[EXERCISE]
Working from the data below, write out exactly the lines from its first through the line that contains "Botanical Beauty shorts", both ends included and pictures omitted.

━━━━━ SOURCE MATERIAL

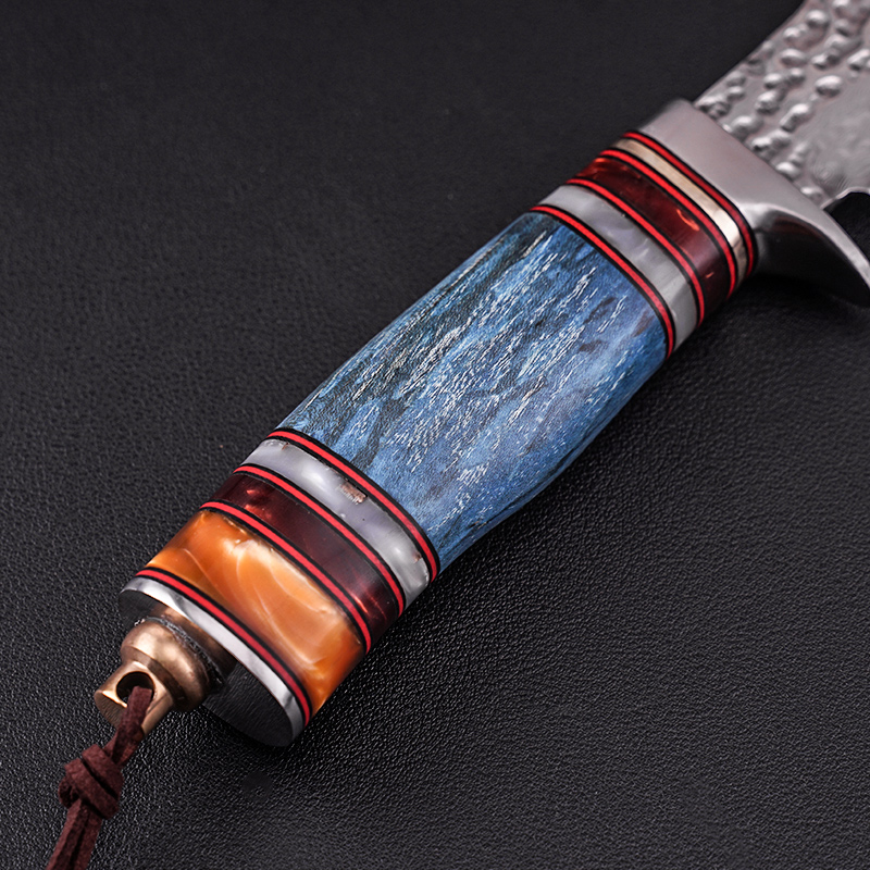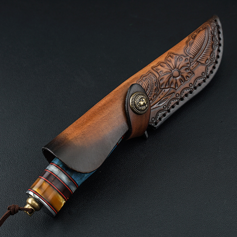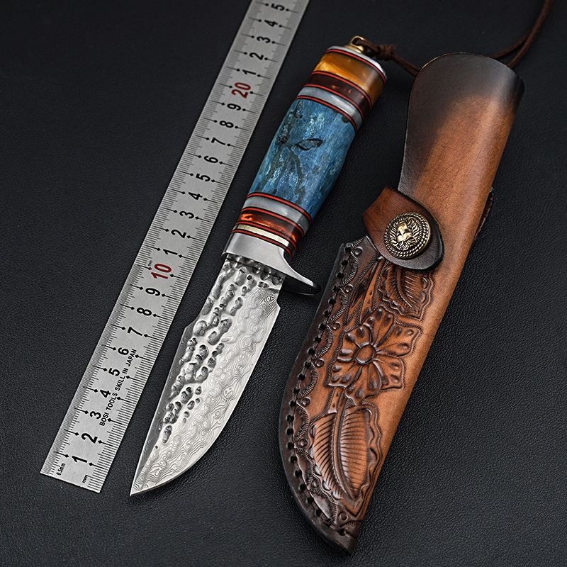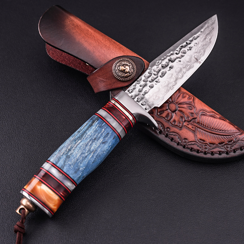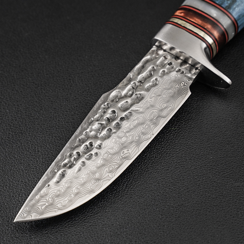 非洲野狼大马士革手工刀收藏刀固化稳定木手柄户外战术直刀
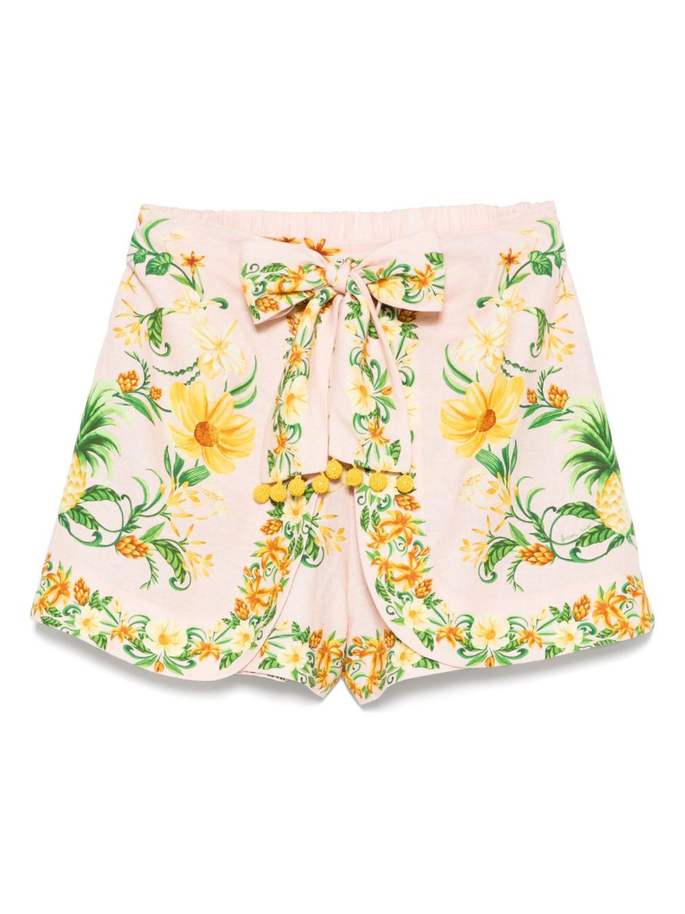 Botanical Beauty shorts Highlights - Light pink - Front tie fastening - Rear elasticated waistband - Layered design - Thigh-length Imported Composition Linen/Flax 55%, Viscose 45% SIZE & FIT Model measurements Height 5 ft 11 in(1.8 m) Bust/Chest 31.49 in(80 cm) Hips 35.82 in(91 cm) Waist 24.8 in(63 cm) FittingInformation Designed with a voluminous wide-leg fit The partially elasticated waistband offers increased movement and comfort at the waist Made from a midweight non-stretch fabric
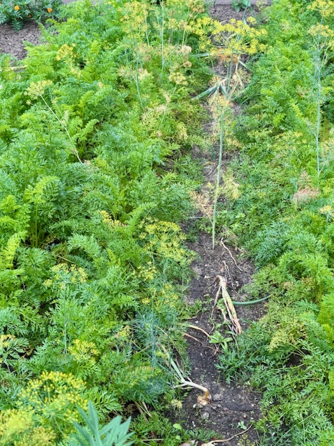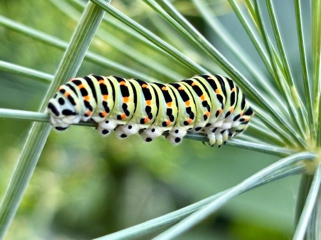 Die tolle Raupe auf der Dillpflanze ist die des Schwalbenschwanzes.
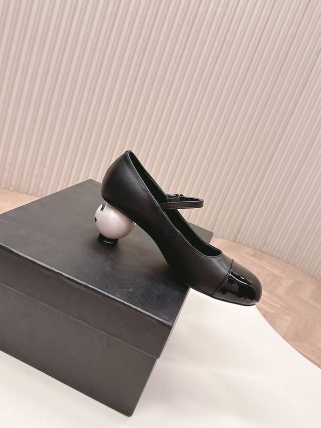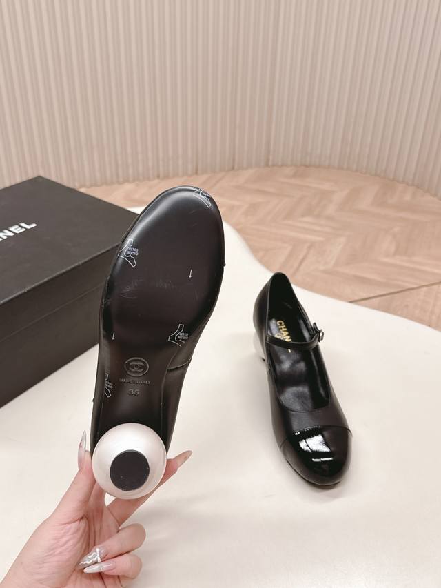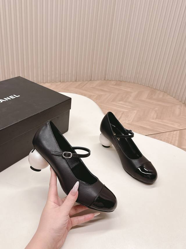 High-quality Chanel 25K new style large pearl heel high-heeled single shoes. Versatile last for slim feet. Three-dimensional and full shape, comfortable to wear, very trendy and stylish. Original giant pearl heel design, classic style, perfect details, cool and trendy. Upper: Imported sheepskin. Lining: Sheepskin. Size: 35-40.

━━━━━━━━━━

[OUTPUT OF THE EXERCISE]
 非洲野狼大马士革手工刀收藏刀固化稳定木手柄户外战术直刀
 Botanical Beauty shorts Highlights - Light pink - Front tie fastening - Rear elasticated waistband - Layered design - Thigh-length Imported Composition Linen/Flax 55%, Viscose 45% SIZE & FIT Model measurements Height 5 ft 11 in(1.8 m) Bust/Chest 31.49 in(80 cm) Hips 35.82 in(91 cm) Waist 24.8 in(63 cm) FittingInformation Designed with a voluminous wide-leg fit The partially elasticated waistband offers increased movement and comfort at the waist Made from a midweight non-stretch fabric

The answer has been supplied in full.